Hybrid CPU-GPU systems are widely used and are expected for the upcoming exascale machines. FFT libraries targeting such architectures have been accelerated via tuning and asynchronous kernel evaluation on GPUs [2], obtaining up to 2x speedup compared to fully CPU libraries.

We present techniques to further accelerate FFT computation by overcoming the communication bottleneck, we provide architecture-aware selection of FFT algorithm, a novel All-to-All routine (which can considerably speedup default MPI standard routines), and a mixed-precision implementation.

2. Even faster FFTs

Multidimensional FFT are computed by a sequence of 1D or 2D FFTs, with intermediate data reshapes. The latter is the most expensive task (>80% of runtime) [2], moving data among processors (1), typically in an All-to-All fashion [2, 3].

heFFTe supports any type of reshaping technique (c.f., Fig. 2.1) and provides a tool to create architecture-aware Phase diagrams (Fig. 2.2). In Fig. 2.2, we show the case of Summit, where users can input their resources and FFT size to select the fastest reshape approach.

3. Mixed-Precision FFT

Fig. 3 shows that heFFTe linearly scales. We use a 3D complex-data grid, and compute both: single (FP32) and double (FP64) precision FFTs.

We developed a mixed-precision version for heFFTe, which exploits GPU power to compress data (using casting/ZFP) to save in All-to-All cost (which usually takes over 90% of runtime [2, 3]). We used a ring version of our OSC_A2A routine.

CR2 means a compression ratio of 2 times. CR2 is up to 2.6x faster than FP64 and up to 1.4x faster than FP32. CR4 is up to 5x faster than FP64 and up to 2.6x faster than FP32. CR2 validation error is O(10^-5) while for FP32, it is O(10^-6); i.e., we move the same data volume faster, while getting a better quality FFT output.

4. Communication model

We introduce a novel communication model for hybrid-distributed FFTs which can adapt to any architecture [2], and gives a theoretical estimation of the reshaping cost.

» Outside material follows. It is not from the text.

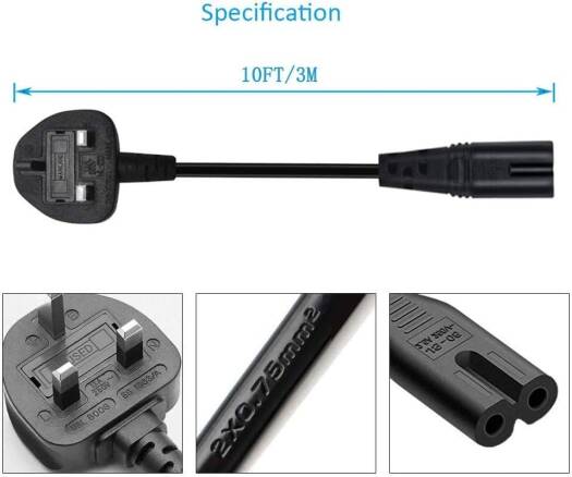 Figure 8 Power Cord – 2 Pin IEC C7 Universal UK Plug Power Cable for PS4 PS5 Xbox Samsung LG Philips Toshiba Sony Sharp Panasonic HP LED Flat TV UK Wall Cable 3M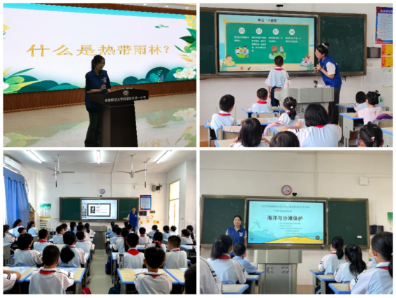 第二阶段科普宣讲。yl6776永利集团青云书院四个小分队分别前往不同教室开讲,他们从热带雨林保护、海洋和沙滩保护、防溺水、禁毒防艾四个主题进行课堂互动和科普宣传,志愿者通过提问奖励、小游戏等方式营造轻松愉快的课堂氛围,让小朋友们在玩的过程中学,在学的过程中玩,寓教于乐,小朋友们参与热情也很高,纷纷举手参与,收获感满满。

This model assumes that fast communication is available within a node, e.g., Summit at ORNL, which has NVLink connections.

For Summit, we get [2]:

\[ T_{sol} = \frac{7.8125 \times \text{log}(N)}{2^{17}} \]

where \( N \) is the FFT size.

Using this model, we derive a roofline model theoretical peak performance. Fig. 4 shows heFFTe achieving about 90% of peak value up to 48 GPUs; this percentage then decreases, indicating that too many resources are being used for the given FFT size (latency).